Copy the lines below exactly, starting with the first and finishing with the one holding "9月21日,游人在高粱地打卡拍照。(新華社記者 季春鵬 攝)"; do not copy the pictures.
● ● ●
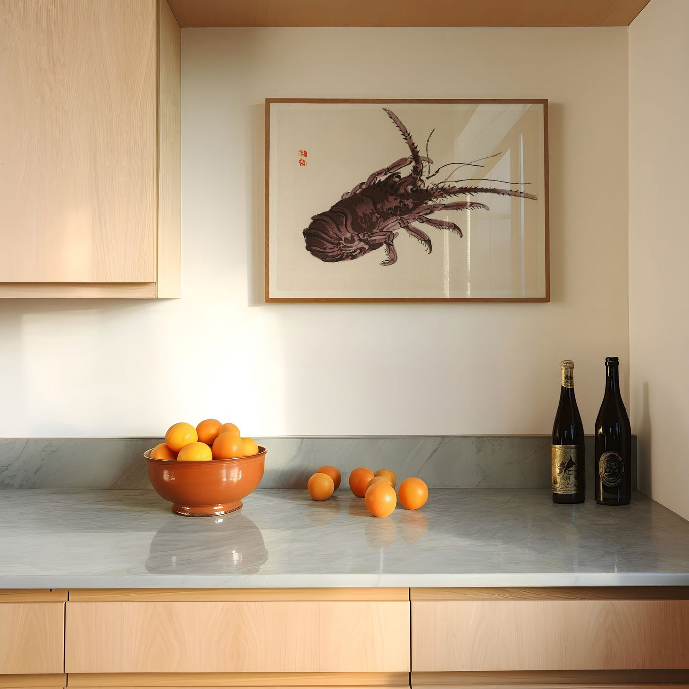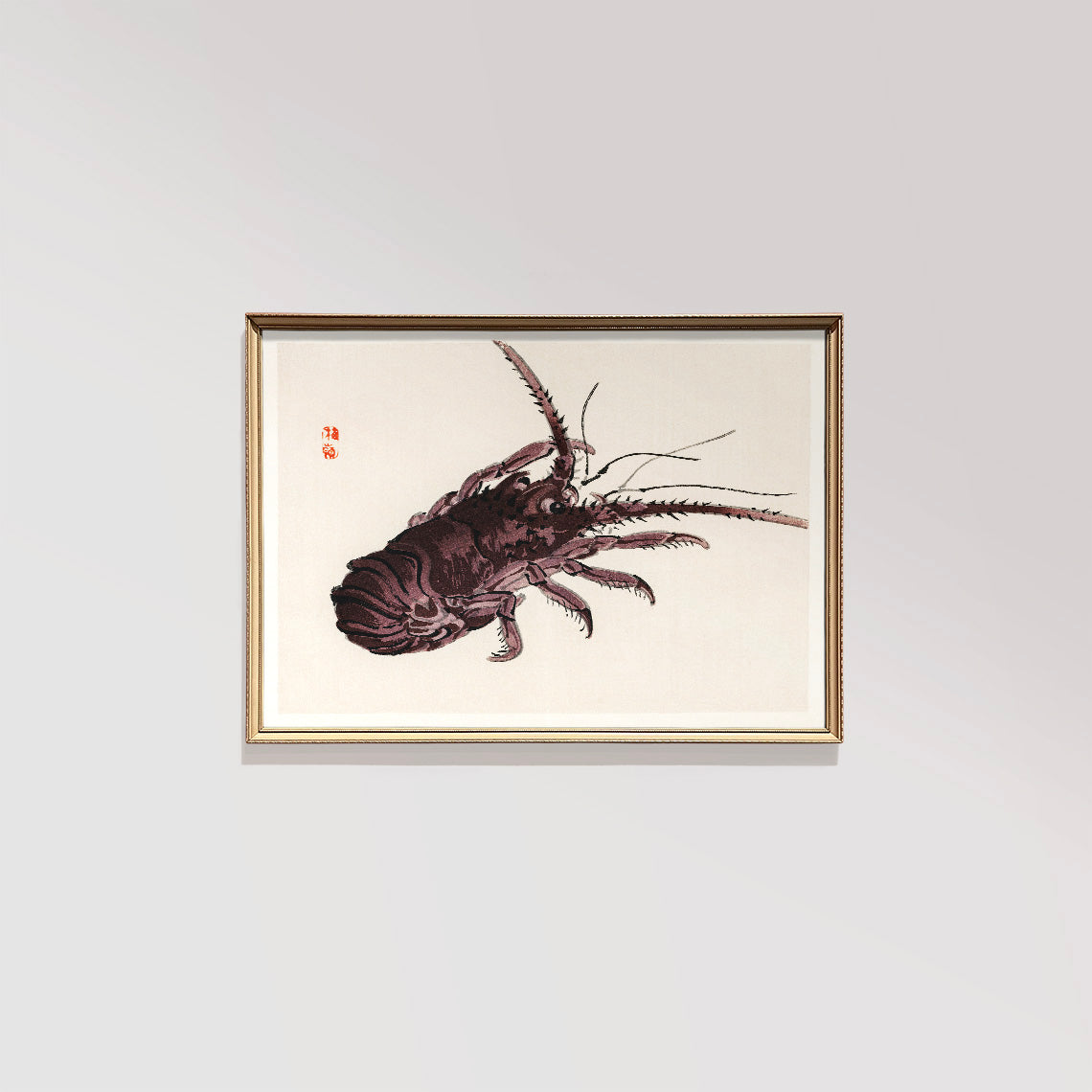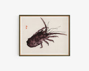 Japanese Vintage Art Print, Bairei Gakan Crayfish Asian Wall Art Print
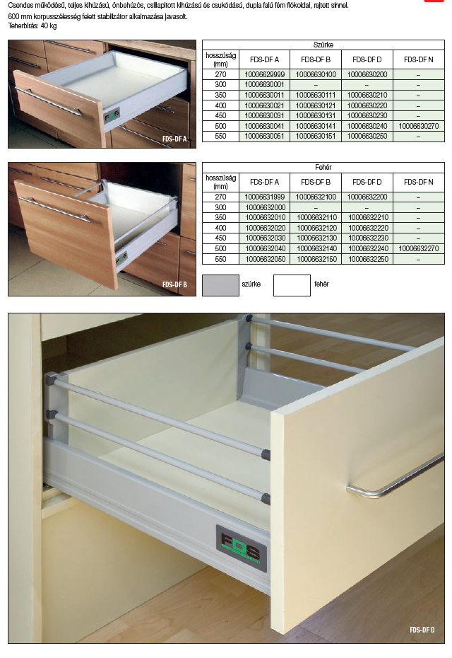 FDS-DF B 300,350,400,450,500,550mm fehér színben
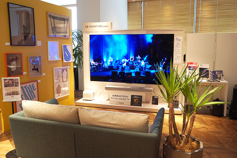 まず大画面テレビシアターでは、LGの97インチ有機ELテレビ「OLED97M5」と、KEFのサウンドバー「XIO」という最新製品の組み合わせを提案した。そして同スペースには、展示ブースに隣接する家具ブランドarflex(アルフレックス)のソファも配置し、快適でゴージャスなホームシアター体験が味わえるリビング空間を演出。
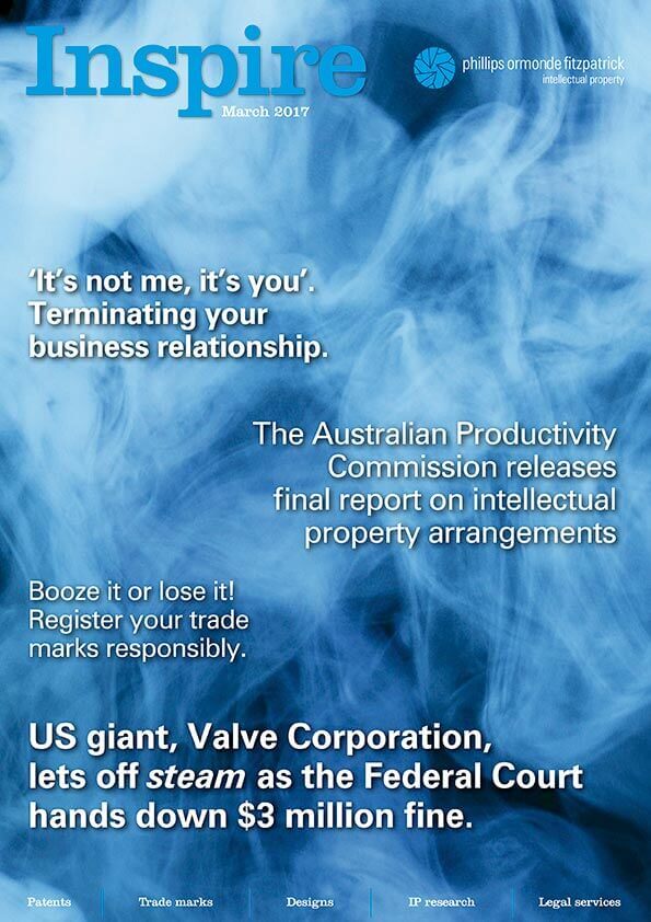 Inspire – March 2017 In this edition… In this edition… US giant, Valve Corporation, lets off steam as the Federal Court hands down $3 million fine The Australian Productivity Commission releases final report on intellectual property arrangements Booze it or lose it! Register your trade marks responsibly.
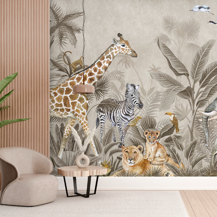 Painel Mural Papel de Parede Personalizado Safari Savana Floresta Bananeiras Premium Luxo
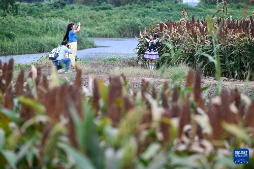 9月21日,游人在高粱地打卡拍照。(新華社記者 季春鵬 攝)
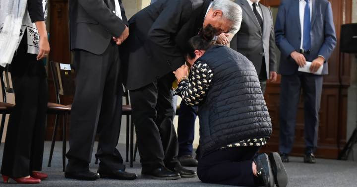 El evento había empezado hacía 23 minutos. En la tarima, Karla Quintana se preparaba para tomar la palabra. La comisionada nacional de búsqueda, figura clave para las familias de personas desaparecidas en México, tenía en sus manos la lista de estados que ya cuentan con comisiones de búsqueda propias, importantes, según ella, para ubicar todas y cada una de las fosas clandestinas escondidas en el subsuelo del país. Pero antes de empezar a hablar, una mujer se acercó al templete. Allá estaba el presidente, Andrés Manuel López Obrador, la secretaria de Gobernación, Olga Sánchez Cordero, y el subsecretario de Derechos Humanos, Alejandro Encinas, además de Quintana. La mujer se plantó delante de López Obrador, se hincó y empezó a sollozar. En la tarima, nadie sabía dónde meterse.
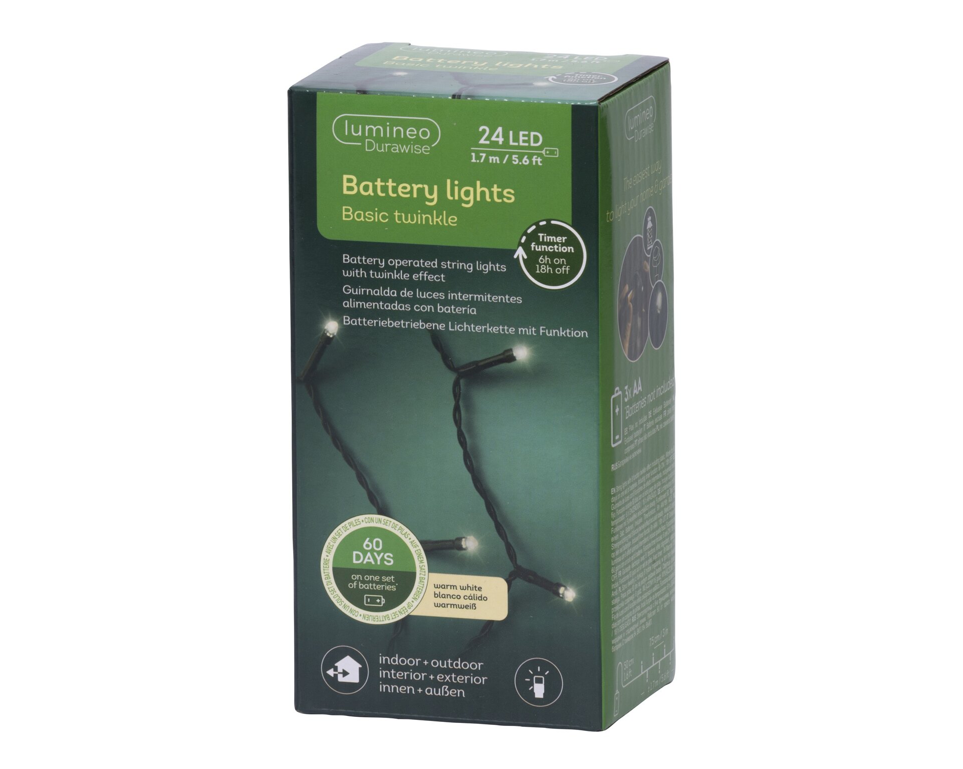 - Aantal lampjes: 24 warm wit lampjes, afstand tussen de lampjes: 7,5 cm
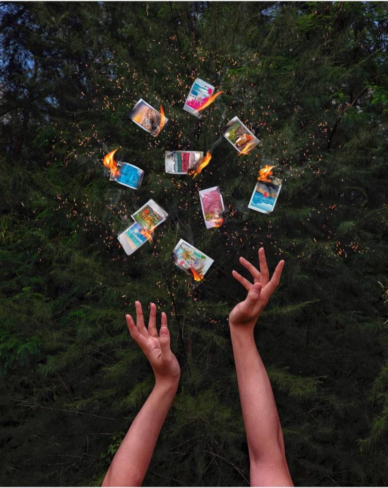 Daryl Aiden Yow先把Polaroid照片一一点燃,再把个别照片通过修图软件合成起来。
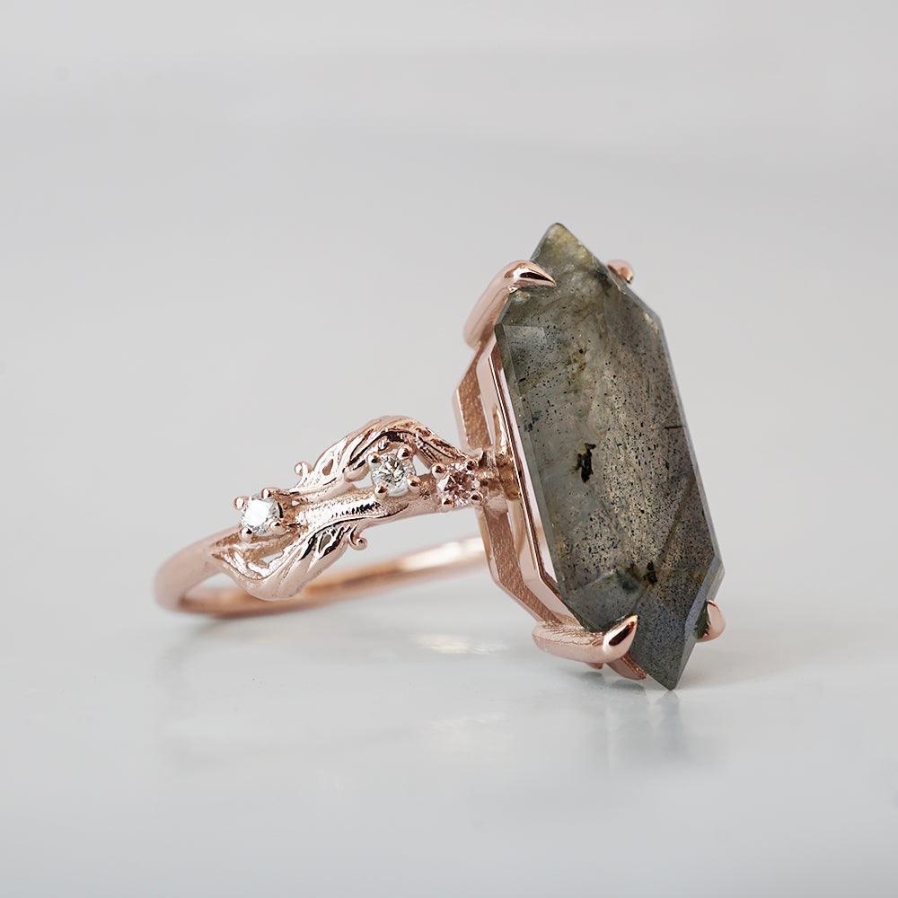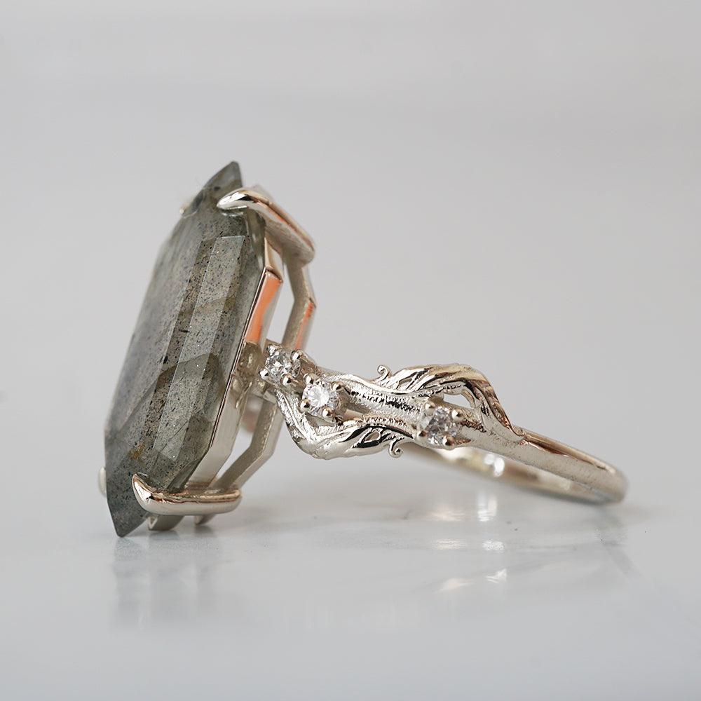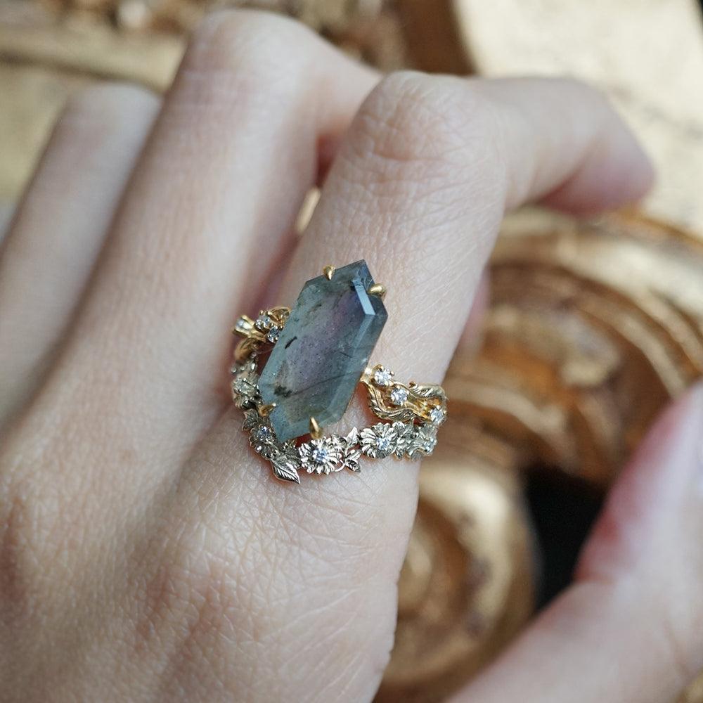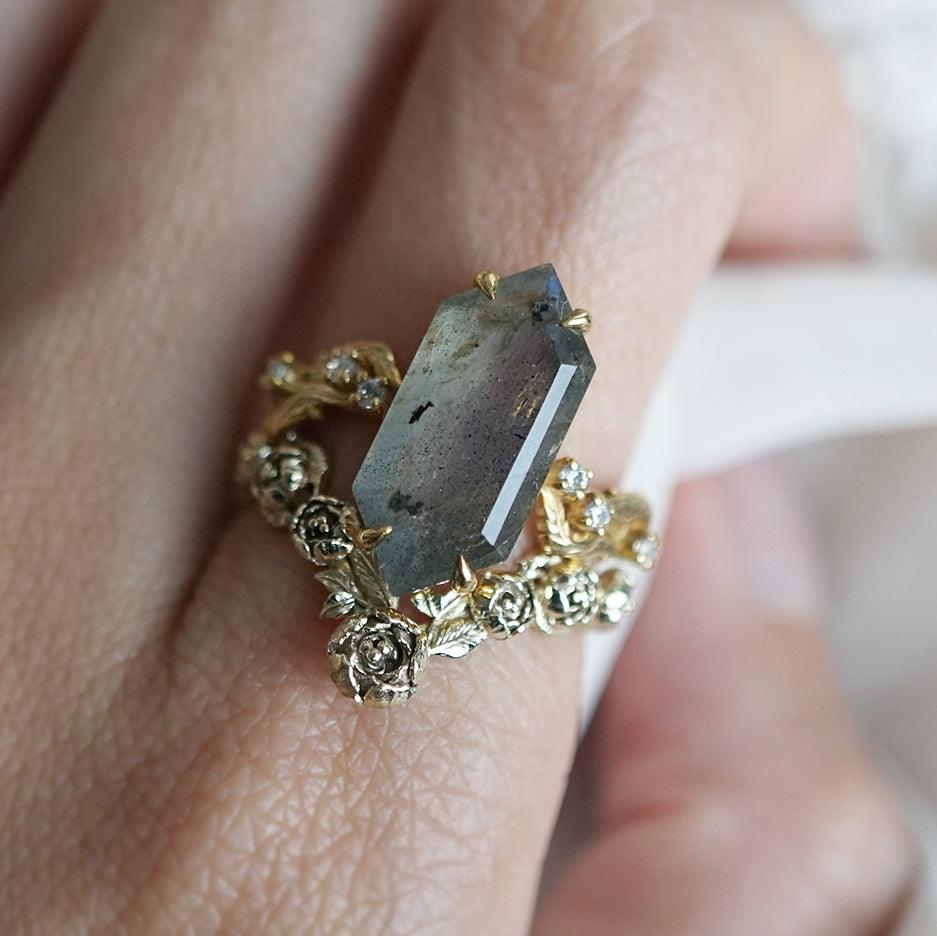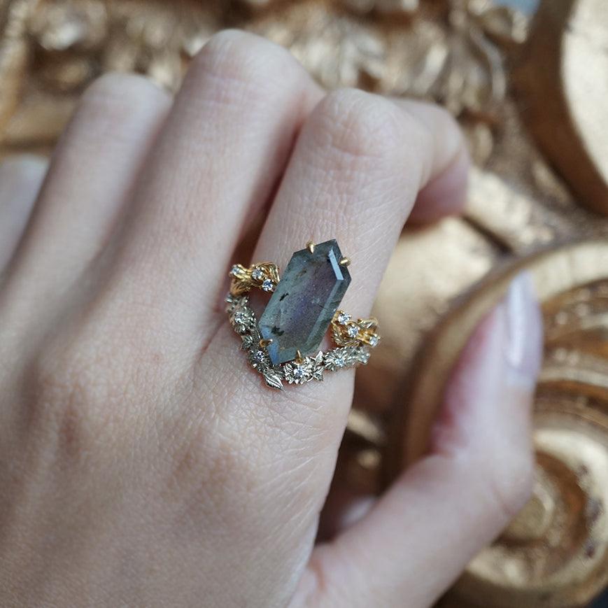 A custom-cut natural labradorite sets the tone—moody, enchanting, and alive with shifting light. Deep within the stone, flashes of blue glow like a secret sky, revealing a stunning sheen whenever sunlight touches its surface.
● ● ●
_Solution for this problem_
 Japanese Vintage Art Print, Bairei Gakan Crayfish Asian Wall Art Print
 FDS-DF B 300,350,400,450,500,550mm fehér színben
 まず大画面テレビシアターでは、LGの97インチ有機ELテレビ「OLED97M5」と、KEFのサウンドバー「XIO」という最新製品の組み合わせを提案した。そして同スペースには、展示ブースに隣接する家具ブランドarflex(アルフレックス)のソファも配置し、快適でゴージャスなホームシアター体験が味わえるリビング空間を演出。
 Inspire – March 2017 In this edition… In this edition… US giant, Valve Corporation, lets off steam as the Federal Court hands down $3 million fine The Australian Productivity Commission releases final report on intellectual property arrangements Booze it or lose it! Register your trade marks responsibly.
 Painel Mural Papel de Parede Personalizado Safari Savana Floresta Bananeiras Premium Luxo
 9月21日,游人在高粱地打卡拍照。(新華社記者 季春鵬 攝)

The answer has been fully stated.